Der dritte Kandidat, Ash Regan, gewann nur 11 Prozent der ersten Vorzugsstimmen. Sie war gegen Sturgeons Gender-Gesetz von der Regierung zurückgetreten und präsentierte sich als Kandidatin, die am meisten für die Unabhängigkeit eintrat. Der ehemalige Wahlkampfmanager des pseudolinken Think Tanks Common Weal hat die Öl- und Gasindustrie prominent gefördert und engere Beziehungen zum ehemaligen SNP-Führer und der Alba-Partei des ersten Ministers Alex Salmond gesucht. Salmond hat enge Verbindungen zu den Banken und der Ölindustrie und arbeitete zuvor für die Royal Bank of Scotland, unter anderem von 1982 bis 1984 als Ölökonom.
Im Wahlkampf wurden diverse Rechnungen beglichen. Der Kommunikationschef der SNP und frühere Boulevardredakteur Murray Foot trat plötzlich zurück. Foote, der Behauptungen, die SNP habe seit Dezember 2021 über 30.000 Mitglieder verloren, als „Schwachsinn“ zurückgewiesen hatte, wurde entlarvt, als der dramatische Zusammenbruch der SNP-Unterstützung anerkannt wurde.
Dem Rücktritt von Foote folgte der Mann, der für die dubiosen Zahlen verantwortlich gemacht wurde, Peter Murrell, der 20 Jahre lang Parteivorsitzender war. Murrell, der Ehemann von Nicola Sturgeon, ist eine zentrale Figur in den Vorwürfen finanzieller Unregelmäßigkeiten, die in der SNP umherschwirren. Ein weiterer Sturgeon-Verbündeter, der vertrieben wurde, war Liz Lloyd, ihre Stabschefin.
Alle führenden Akteure im Krieg der Sturgeon SNP-Führung gegen Salmond sind inzwischen zurückgetreten. Salmond, der sich von der SNP rehabilitieren wollte, reagierte auf Yousafs Wahl, indem er öffentlich alle Kandidaten lobte und eine „Unabhängigkeitskonvention“ forderte, um alle Unabhängigkeitsparteien, die SNP, die Grünen, Alba und die pseudolinke Scottish Socialist Party zusammenzubringen , zusammen.

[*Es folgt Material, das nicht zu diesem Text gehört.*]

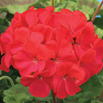 Пеларгония зональная Мирка F1.  Для листьев этой серии типично сочетание зеленой окраски с коричневым оттенком по краю. Цветки ярких окрасок образуют крупные соцветия, обильно цветут в течение всего сезона до самых морозов. Сорта ранние, компактные, с выразительной листвой, высоко устойчивы к вредителям и неблагоприятным погодным условиям.
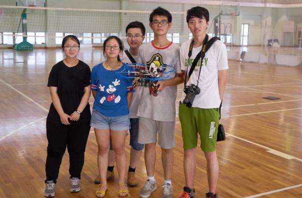 自动化、电气工程及中意学院电子信息与技术专业,在创新基地蒋磊老师的指导下,经过数月的训练准备,完成了基于机器视觉的自主导航四旋翼无人机。该无人机能够自主识别摄像机视野中的图形地标,自主规划飞行线路,完成竞赛规定的飞行动作。本作品采用Intel高性能处理器为计算核心,运用机器视觉算法识别的视野图像中的地标形状,并结合机载惯性导航模块规划飞行线路;无人机飞行姿态控制模块为基于TI高性能微控制器自主开发的软硬件部件,能够采集融合多种传感器信号,实现了稳定的飞行姿态控制。(蒋磊)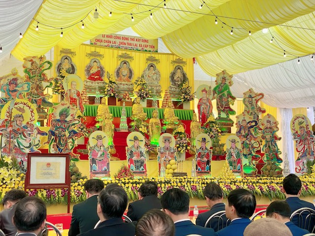Về phía lãnh đạo chính quyền huyện Tiên Lãng có sự hiện diện của các ông: Bùi Thành Cương – Phó Bí thư, Chủ tịch UBND huyện; ông: Nguyễn Ngọc Huy – Ủy viên Ban thường vụ huyện uỷ, Phó chủ tịch thường trực UBND huyện; ông: Nguyễn Văn Dũng – Phó Chủ tịch UBND huyện Tiên Lãng, cùng các ông bà đại diện cho các cấp ủy Đảng thuộc HĐND, UBND, UB MTTQVN huyện Tiên Lãng, xã Cấp Tiến, thôn Chân Lai, đại diện các nhà hảo tâm, các mạnh thường quân, các cơ quan ban ngành, đoàn thể, cùng đông đảo quý phật tử, quý thiện nam tín nữ gần xa và nhân dân địa phương.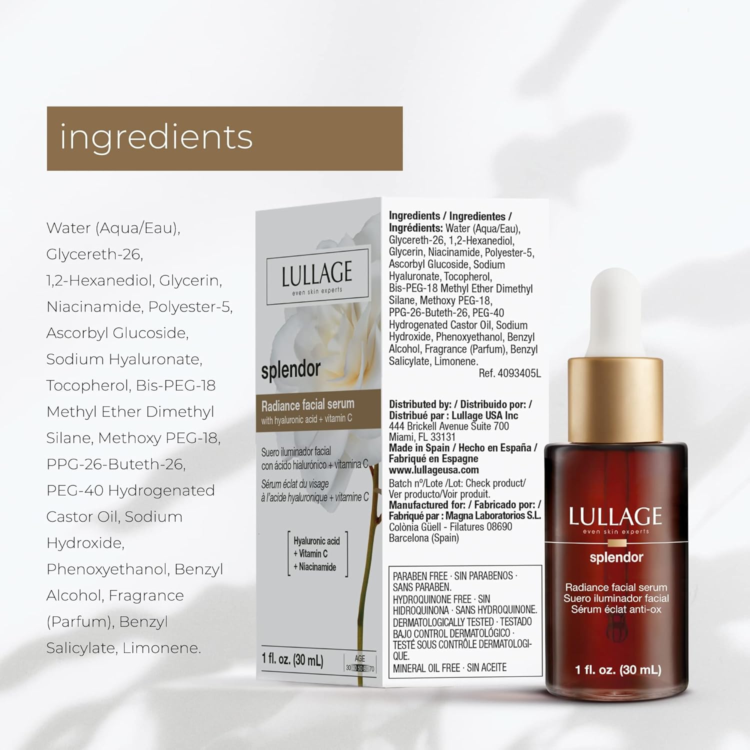 LULLAGE Splendor Radiance Hyaluronic Acid & Vitamin C Serum for Face, Revitalizing Vitamin C Face Serum with Niacinamide to Replenish & Firm the Skin, 1 Fl Oz Dropper Bottle

Die Kontinuität mit Sturgeons Agenda „wird es nicht bringen“, sagte er und warnte, dass „eine Verfassungsfrage nicht noch einmal auf den langen Rasen getreten werden kann“.
Salmond weiß, dass eine zunehmend widerspenstige und unpopuläre SNP, die seit über anderthalb Jahrzehnten Angriffe auf den Lebensstandard und die sozialen Dienste der Arbeitnehmer anführt, sich einer anhaltenden und mächtigen Streikbewegung in Schottland und im gesamten Vereinigten Königreich stellen muss. Er fordert die Partei auf, die nationalistische Trommel so laut wie möglich zu schlagen, um eine bürgerliche soziale Basis für ihre prokapitalistische, arbeiterfeindliche Agenda mit Versprechungen von größerem persönlichem Wohlstand, niedrigeren Unternehmenssteuern, Regierungspositionen und sozialen Privilegien aufzubauen nach Selbständigkeit.